C'est suffisant. La différence entre une grande et une bonne littérature réside dans la vérité, la complexité, les nuances et le style. Est-ce aussi la différence entre fiction littéraire et fiction de genre? Peut-être, mais seulement si nous reconvertissons aveuglément la fiction de genre en fiction de pulp et ignorons en retour chaque morceau de prose aride publié par les presses commerciales du Nord-Est qui se vendent comme «littéraire». Krystal note en passant que certaines fictions nommées littéraire ”ne le fait pas, mais il n'explique pas pourquoi, ne donne pas d'exemples, ni même une brève analyse des échecs de la fiction littéraire.

En d'autres termes, Krystal a tout à fait raison de dire qu'il y a une différence entre de bonnes et de bonnes œuvres et que cette différence a à voir avec "une compréhension plus profonde du monde, de l'histoire, des relations humaines" et "de la littérature elle-même". sa distinction entre «genre» et «littéraire» brouille les cartes et l'oblige à faire un certain nombre d'exceptions et à inventer plus de termes (comme «hybride»). Le fait est que les catégories inventées telles que «genre» et «littéraire» rendent plus difficile de voir clairement la réalité. Dans ce cas, cette réalité est le mérite des romans individuels.

L'essai personnel de Krystal sur la poésie est un délice. Il se plaint de manquer de la poésie sonore utilisée. Lorsqu'il lit de la poésie contemporaine, il écrit: «Je discerne intelligence, astuce, ironie, humour. J'admire souvent le raccourci elliptique de leur phrasé et la précision de leurs lignes… Pourtant, au final, je ne reste pas indifférent. Parce qu'il n'y a pas de musique.

Dans son essai sur les critiques négatives, il dit timidement aux auteurs de ne pas répondre aux critiques négatives, mais de tout reprendre à la fin: «Mon conseil est: soyez en colère et restez en colère. Ne pleure pas, ne fais pas la moue, ne te sens pas impuissant… Bon sang, fais du bruit! »Il continue en affirmant que les bonnes critiques négatives ne devraient pas avoir« une attitude ». note juste d'appréciation judiciaire et d'appréciation collégiale. "

C’est ce que dira tout auteur qui envisage de publier un livre, mais Krystal a raison. La plupart des critiques devraient être collégiales. Pourtant, il y a des moments où une raclée est nécessaire, et les réviseurs devraient avoir le courage de le faire. Les critiques ne sont pas seulement un service aux lecteurs et la vente d'un livre d'auteur. ils servent à la littérature et doivent donc séparer le bon grain de l'ivraie en secouant vigoureusement si nécessaire. Ils devraient également divertir. La petitesse et la méchanceté, bien sûr, ne sont jamais amusantes.
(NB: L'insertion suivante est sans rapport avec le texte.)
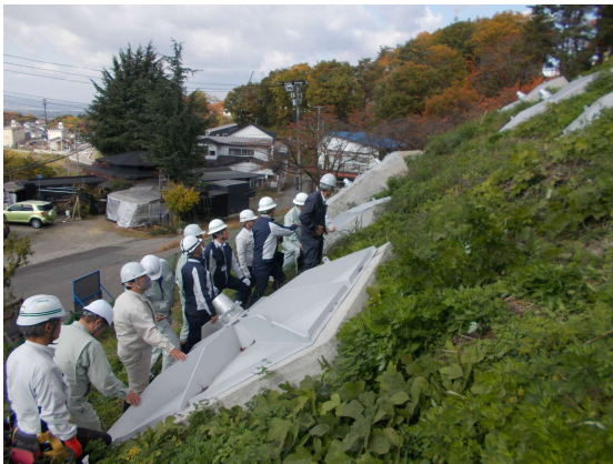
令和6年度工事の確認状況

Mais ni l'un ni l'autre n'est feint d'appréciation.

Krystal est un essayiste doué, et ceux qui l'ont lu au fil des ans trouveront tout ce qu'ils ont appris à apprécier de son style dans Cette chose appelée littérature-les déclarations audacieuses, la haie savamment chronométrée, la prose fluide et la lecture large. (Il y a même un essai sur Erich Auerbach, malheureusement oublié). Mais c'est aussi un livre quelque peu nostalgique qui expose ses arguments en termes de catégories reçues qui, d'une certaine manière, aident, mais nuisent également, à notre compréhension de cette chose appelée littérature.

Micah Mattix est professeur adjoint de littérature à la Houston Baptist University et édite le bulletin littéraire Prufrock.